→ **Records provided**:
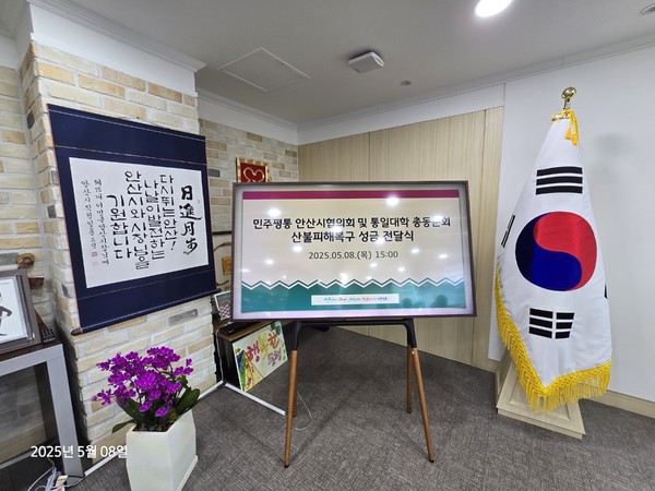 민주평화통일자문회의 안산시협의회와 부설 통일 대학 총동문회 가 '영남지역 산불 피해자들을 위한 특별모금 전달식'을 진행하며 산불 피해 주민들을 돕는 십시일반 따뜻한 손길을 전했다.
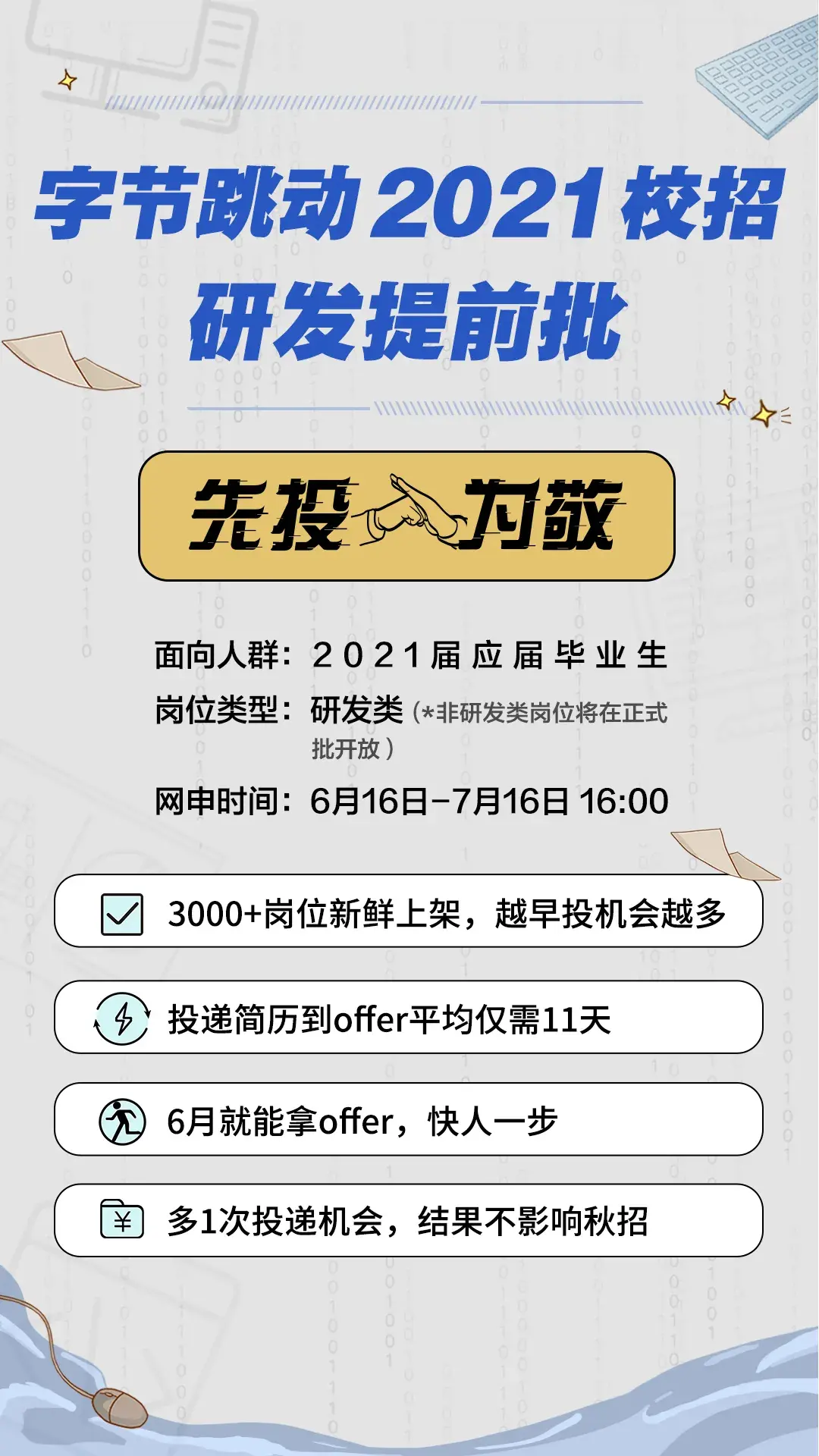 【字节跳动 2021 秋招提前批正式开启,部门客户端专属岗 && 研发岗内推码来了!】
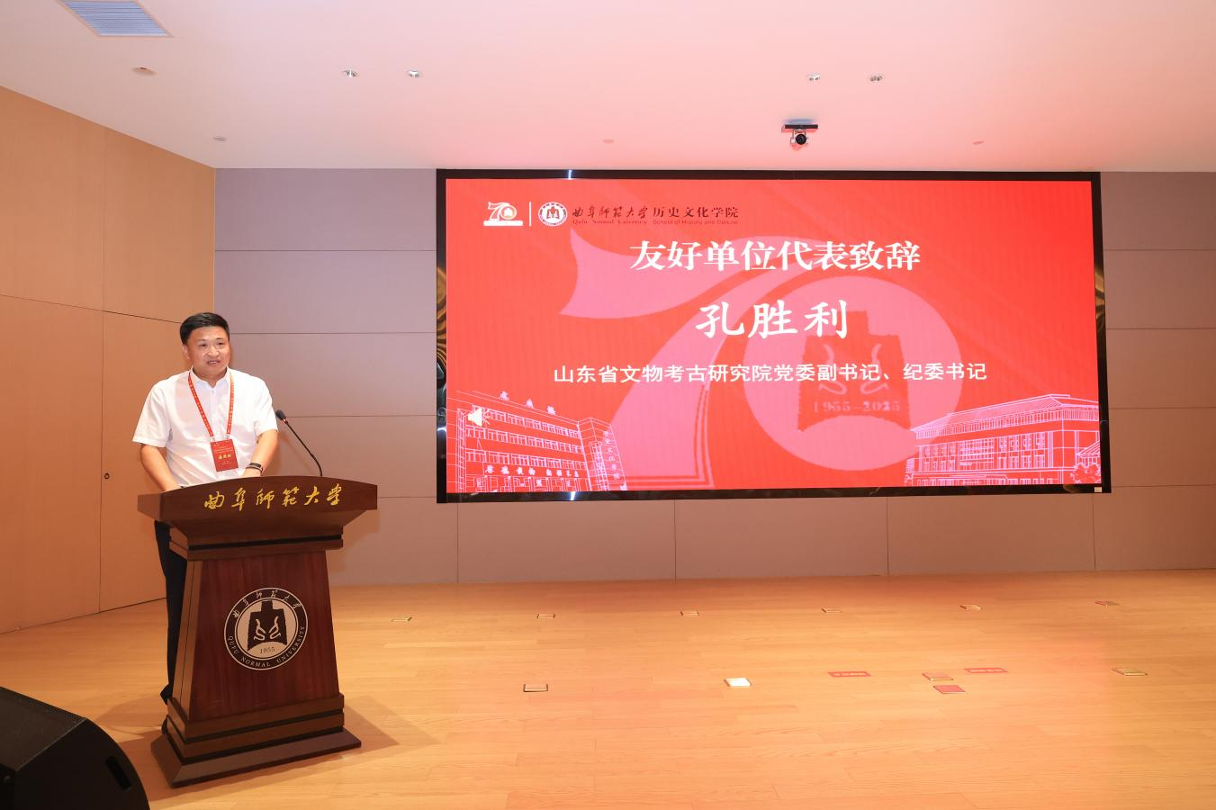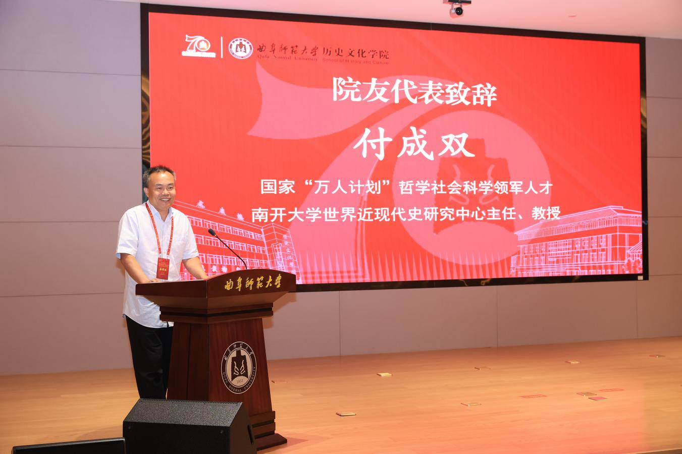 山东大学历史学院院长代国玺代表兄弟院校致辞,肯定了曲阜师大大乐透 七十年来在人才培养、学术研究上的突出成就,尤其在中国史、儒学与孔府档案研究、世界史领域成果显著,已成为全国重要的史学基地与儒学重镇。
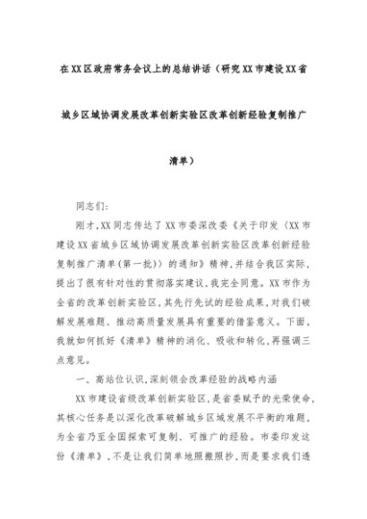 【七哥公文】2025年:在XX区政府常务会议上的总结讲话(研究XX市建设XX省城乡区域协调发展改革创新实验区改革创新经验复制推广清单)+更多免费公文+VX:QiGeGongWen2024
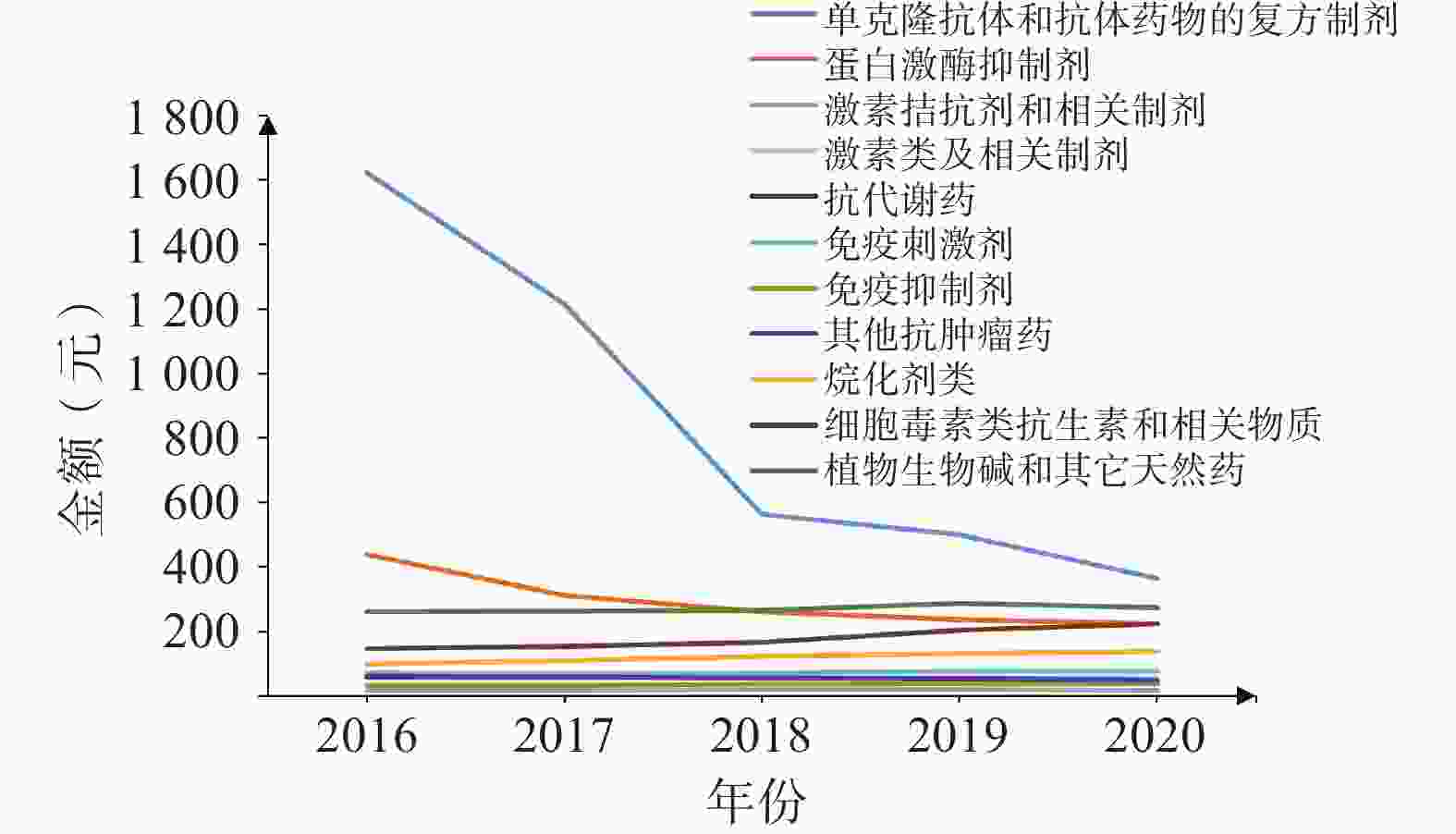 ATC小类 2015年 2016年 2017年 2018年 2019年 2020年 其他烷化剂 3 561.46 3 455.19 3 357.03 3 210.63 3 032.82 3 003.15 CD20(分化20族)抑制剂 3 143.88 3 172.50 2 658.22 2 005.72 1 838.17 1 561.68 单克隆抗体 0.00 0.00 0.00 0.00 1414.54 1414.71 拓扑异构酶Ⅰ抑制剂 821.12 789.61 739.18 690.41 656.12 635.88 ALK抑制剂 1 775.44 1 779.90 1 778.89 813.53 535.39 505.11 集落刺激因子 268.84 290.89 342.40 414.59 508.25 413.81 VEGF/VEGFR抑制剂 1 299.12 1 299.18 849.79 494.58 482.62 350.20 其他蛋白激酶抑制剂 686.59 712.67 585.29 440.71 359.76 342.56 紫杉烷类 292.07 296.77 300.79 299.74 322.47 299.06 PD-1/PD-L1抑制剂 0.00 0.00 0.00 0.00 734.68 269.74 HER2抑制剂 1 010.96 1 006.24 663.87 338.83 332.59 246.08 蒽环类及相关物质 142.20 146.55 152.05 166.94 203.51 223.28 EGFR酪氨酸激酶抑制剂 475.93 383.55 237.83 210.19 201.39 193.15 TNF - α抑制剂 214.20 207.35 199.97 192.57 185.41 160.22 嘧啶类似药 217.70 212.51 207.33 195.45 181.74 139.83 BCR-ABL酪氨酸激酶抑制剂 580.19 443.08 365.38 310.87 194.66 138.48 白介素类 65.87 68.83 70.45 68.53 70.14 72.72 其他抗肿瘤药 56.17 80.33 85.00 78.07 83.62 56.81 促性腺激素释放激素的类似药 69.41 67.09 63.60 60.41 57.23 55.64 铂化合物类 51.48 53.80 51.02 48.21 46.91 45.57 长春花碱及类似药 61.30 60.09 53.48 51.98 47.10 44.45 鬼臼毒素衍生物 23.37 23.89 21.96 21.63 26.56 38.28 其他免疫抑制剂 12.89 12.79 14.98 18.13 25.49 30.84 选择性免疫抑制剂 30.66 27.74 27.70 28.21 27.84 29.77 其他免疫刺激剂 60.73 60.75 55.96 49.74 44.51 29.14 亚硝基脲类 1.32 1.32 1.37 4.52 18.61 20.91 芳香化酶抑制剂 26.17 25.79 24.92 24.10 22.78 20.82 叶酸类似药 20.12 21.29 21.26 22.02 20.93 18.44 氮芥类似药类 5.93 8.27 7.91 14.39 14.48 14.49 其他植物生物碱和其它天然药 12.12 11.64 9.40 8.37 7.92 7.39 抗雌激素类 0.76 0.96 1.03 1.08 1.54 2.60 注:VEGF/VEGFR:血管内皮生长因子/血管内皮生长因子受体;EGFR:表皮生长因子受体;ALK:间变性淋巴瘤激酶;PD-1/PD-L1程序性死亡受体1/细胞程序性死亡配体1;HER2:人表皮生长因子受体2;TNF-α:肿瘤坏死因子α。 -
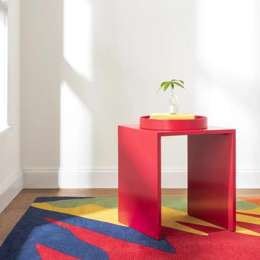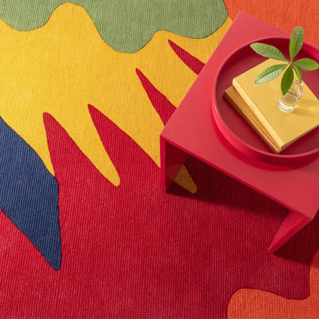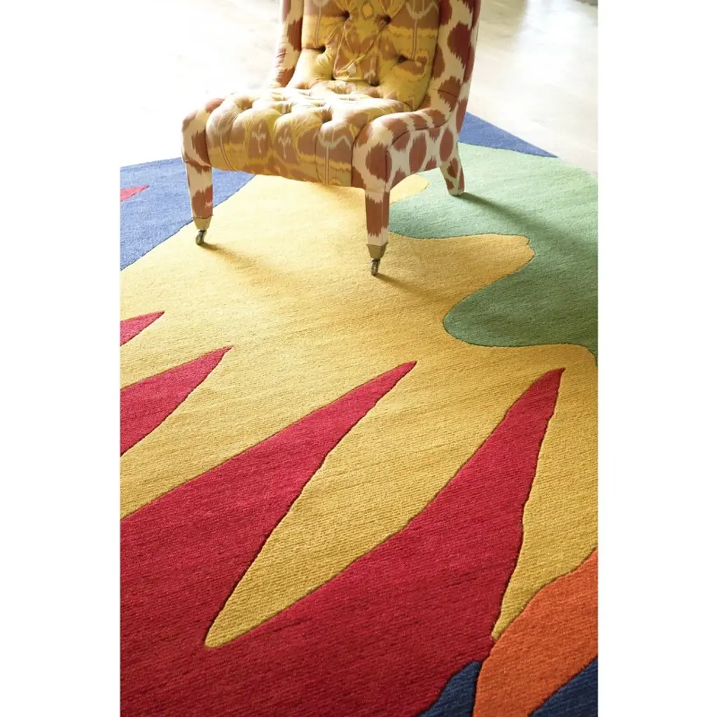 Graphic in name, and graphic in nature, this gorgeous wool tufted rug is a plush and luxurious way to say "I have arrived!". Make a statement in a hallway or foyer and be greeted by this extraordinary rug, packed with zest and excitement. The vivid geometry is crisp and defined in a riot of joyous and jubilant colors. One of the modern creations from the design collaboration between Annie and Kit Kemp, co-owner and Creative Director for Firmdale Hotels, united by their passion for colorful and carefree design, redefining contemporary Arts and Crafts for everyday life.
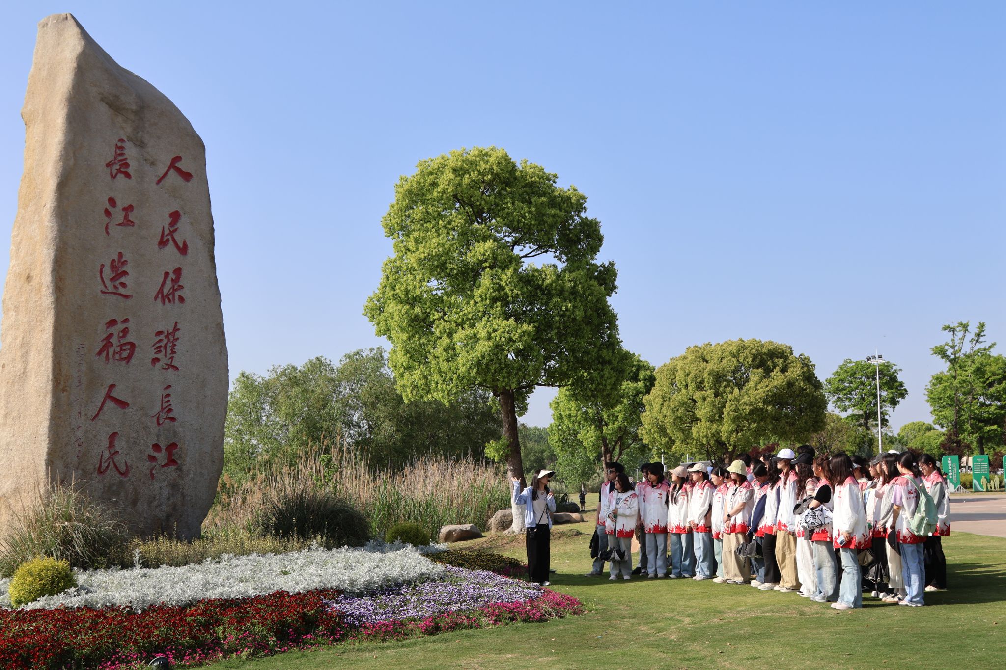 随后,学员们来到江畔镌刻着“人民保护长江,长江造福人民”字样的巨型石碑前,聆听讲解员介绍石碑的由来及习近平总书记“守护好一江碧水”的殷殷嘱托。一路走、一路看、一路听,学员们深刻感受到习近平生态文明思想指引薛家洼蝶变的思想伟力,对“绿水青山就是金山银山”理念有了更加真切的体悟。

→ **Aim of the exercise**: The data above must be written out again without alteration, and the pictures in them must be excluded.

→ **The completed task**:
 민주평화통일자문회의 안산시협의회와 부설 통일 대학 총동문회 가 '영남지역 산불 피해자들을 위한 특별모금 전달식'을 진행하며 산불 피해 주민들을 돕는 십시일반 따뜻한 손길을 전했다.
 【字节跳动 2021 秋招提前批正式开启,部门客户端专属岗 && 研发岗内推码来了!】
 山东大学历史学院院长代国玺代表兄弟院校致辞,肯定了曲阜师大大乐透 七十年来在人才培养、学术研究上的突出成就,尤其在中国史、儒学与孔府档案研究、世界史领域成果显著,已成为全国重要的史学基地与儒学重镇。
 【七哥公文】2025年:在XX区政府常务会议上的总结讲话(研究XX市建设XX省城乡区域协调发展改革创新实验区改革创新经验复制推广清单)+更多免费公文+VX:QiGeGongWen2024
 ATC小类 2015年 2016年 2017年 2018年 2019年 2020年 其他烷化剂 3 561.46 3 455.19 3 357.03 3 210.63 3 032.82 3 003.15 CD20(分化20族)抑制剂 3 143.88 3 172.50 2 658.22 2 005.72 1 838.17 1 561.68 单克隆抗体 0.00 0.00 0.00 0.00 1414.54 1414.71 拓扑异构酶Ⅰ抑制剂 821.12 789.61 739.18 690.41 656.12 635.88 ALK抑制剂 1 775.44 1 779.90 1 778.89 813.53 535.39 505.11 集落刺激因子 268.84 290.89 342.40 414.59 508.25 413.81 VEGF/VEGFR抑制剂 1 299.12 1 299.18 849.79 494.58 482.62 350.20 其他蛋白激酶抑制剂 686.59 712.67 585.29 440.71 359.76 342.56 紫杉烷类 292.07 296.77 300.79 299.74 322.47 299.06 PD-1/PD-L1抑制剂 0.00 0.00 0.00 0.00 734.68 269.74 HER2抑制剂 1 010.96 1 006.24 663.87 338.83 332.59 246.08 蒽环类及相关物质 142.20 146.55 152.05 166.94 203.51 223.28 EGFR酪氨酸激酶抑制剂 475.93 383.55 237.83 210.19 201.39 193.15 TNF - α抑制剂 214.20 207.35 199.97 192.57 185.41 160.22 嘧啶类似药 217.70 212.51 207.33 195.45 181.74 139.83 BCR-ABL酪氨酸激酶抑制剂 580.19 443.08 365.38 310.87 194.66 138.48 白介素类 65.87 68.83 70.45 68.53 70.14 72.72 其他抗肿瘤药 56.17 80.33 85.00 78.07 83.62 56.81 促性腺激素释放激素的类似药 69.41 67.09 63.60 60.41 57.23 55.64 铂化合物类 51.48 53.80 51.02 48.21 46.91 45.57 长春花碱及类似药 61.30 60.09 53.48 51.98 47.10 44.45 鬼臼毒素衍生物 23.37 23.89 21.96 21.63 26.56 38.28 其他免疫抑制剂 12.89 12.79 14.98 18.13 25.49 30.84 选择性免疫抑制剂 30.66 27.74 27.70 28.21 27.84 29.77 其他免疫刺激剂 60.73 60.75 55.96 49.74 44.51 29.14 亚硝基脲类 1.32 1.32 1.37 4.52 18.61 20.91 芳香化酶抑制剂 26.17 25.79 24.92 24.10 22.78 20.82 叶酸类似药 20.12 21.29 21.26 22.02 20.93 18.44 氮芥类似药类 5.93 8.27 7.91 14.39 14.48 14.49 其他植物生物碱和其它天然药 12.12 11.64 9.40 8.37 7.92 7.39 抗雌激素类 0.76 0.96 1.03 1.08 1.54 2.60 注:VEGF/VEGFR:血管内皮生长因子/血管内皮生长因子受体;EGFR:表皮生长因子受体;ALK:间变性淋巴瘤激酶;PD-1/PD-L1程序性死亡受体1/细胞程序性死亡配体1;HER2:人表皮生长因子受体2;TNF-α:肿瘤坏死因子α。 -
 Graphic in name, and graphic in nature, this gorgeous wool tufted rug is a plush and luxurious way to say "I have arrived!". Make a statement in a hallway or foyer and be greeted by this extraordinary rug, packed with zest and excitement. The vivid geometry is crisp and defined in a riot of joyous and jubilant colors. One of the modern creations from the design collaboration between Annie and Kit Kemp, co-owner and Creative Director for Firmdale Hotels, united by their passion for colorful and carefree design, redefining contemporary Arts and Crafts for everyday life.
 随后,学员们来到江畔镌刻着“人民保护长江,长江造福人民”字样的巨型石碑前,聆听讲解员介绍石碑的由来及习近平总书记“守护好一江碧水”的殷殷嘱托。一路走、一路看、一路听,学员们深刻感受到习近平生态文明思想指引薛家洼蝶变的思想伟力,对“绿水青山就是金山银山”理念有了更加真切的体悟。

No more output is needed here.